MONTH-IN-BRIEF (Jun 2020)
FDIC Issues Final Rule Codifying Valid When Made Doctrine
By Robert W. Savoie, McGlinchey Stafford, PLLC
The FDIC has issued its final rule codifying the “valid when made” doctrine. The rule clarifies that the interest rate lawfully assessed by an originating depository institution may not be impacted by the sale, assignment, or other transfer of the loan or a change in state law. The FDIC also confirmed that an originating depository institution may apply the law of any state in which it maintains a branch, not simply the law of the state where the bank is chartered. Within the rule, the FDIC clarifies that one component of federal interest rate exportation authority is the right to assign the loans under the preemptive authority of Section 27 of the Federal Deposit Insurance Act.

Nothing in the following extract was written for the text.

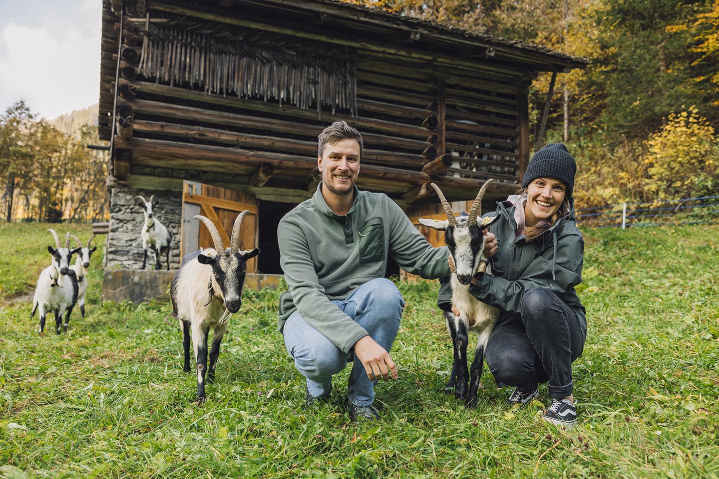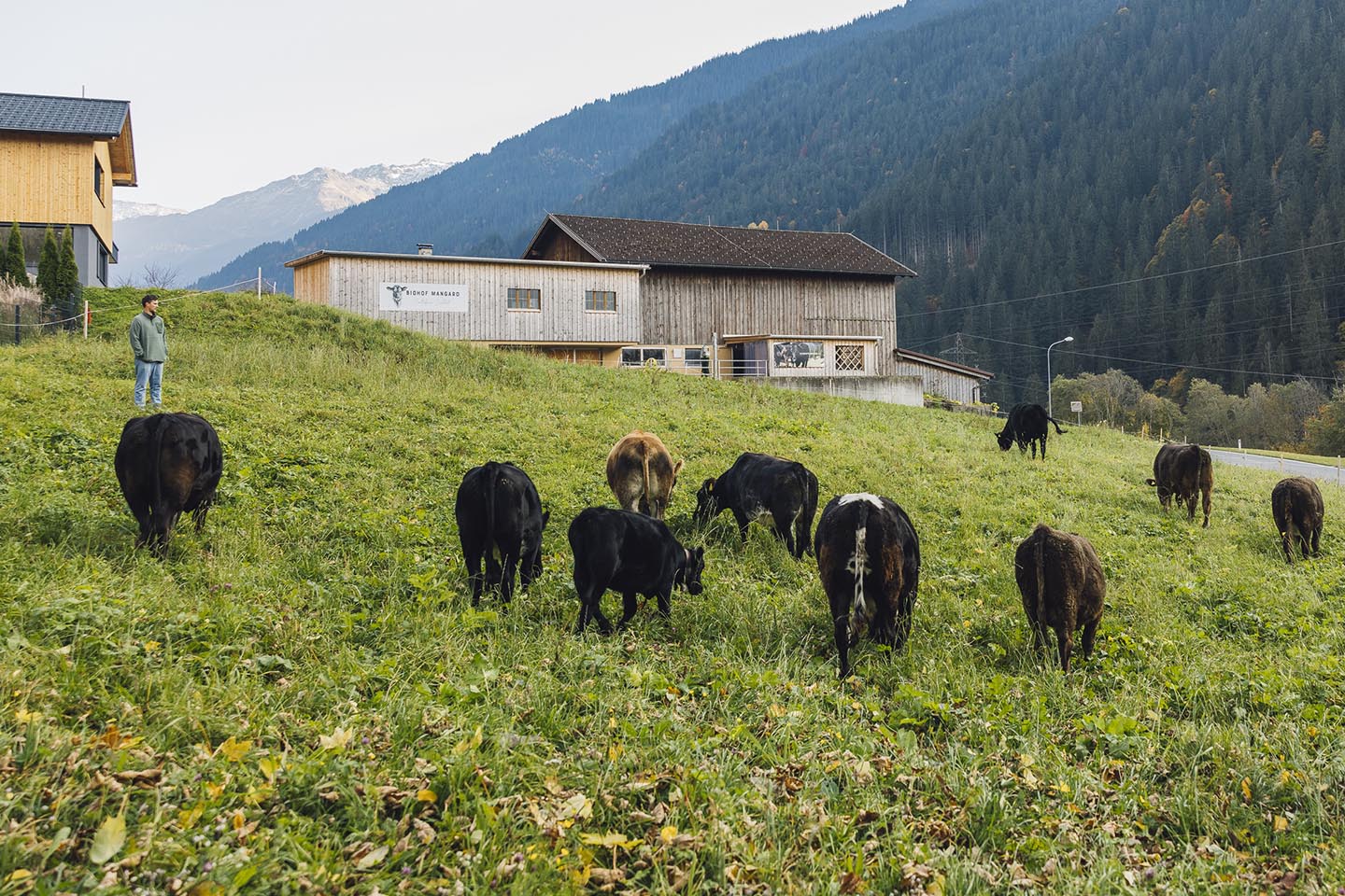 Rund 15 bis 20 Rinder sind es, die je nach Jahreszeit am Hof, auf dem Maisäß oder auf der Alp leben und mindestens ein Alter von drei Jahren erreichen. In dieser Zeitspanne fehlt es den Tieren an nichts. „Wir wissen, dass die Tiere uns ihre ganze Lebenszeit begleiten und dass sie unser Engagement und unsere Fürsorge verdienen.“ Zu den mächtigen, bulligen Tieren kommen noch ein paar Pfauenziegen, um die sich vor allem seine um zwei Jahre jüngere Lebensgefährtin kümmert. Nach der Geburt des gemeinsamen Sohnes Oskar vor vier Monaten ist Victoria – sie arbeitet in der Pension Faneskla im Silbertal die ihrer Mutter Barbara führt – derzeit in Karenz.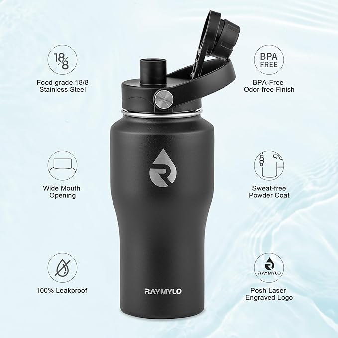 - 100% Satisfaction Support: We offer Continuous After-sales Service and 100% customer satisfaction against any leakage or insulation failure. Package contains 1 x RAYMYLO Travel Water Bottle , 1 x Straw Lid with 2 x Straws & 1 x Straw Brush, 1 x Spout Lid.

As the FDIC noted, although banks’ power has traditionally been viewed as carrying with it the power to assign loans, certain courts have issued opinions that lack awareness of the broader context within which Section 27 was enacted and fail to address the significant ramifications of their decisions. The FDIC’s rulemaking makes this understanding an express one that carries with it the weight of the FDIC’s authority, which confirmed longstanding historical precedent. The FDIC also clarified the additional fees and charges included within the definition of interest under federal law.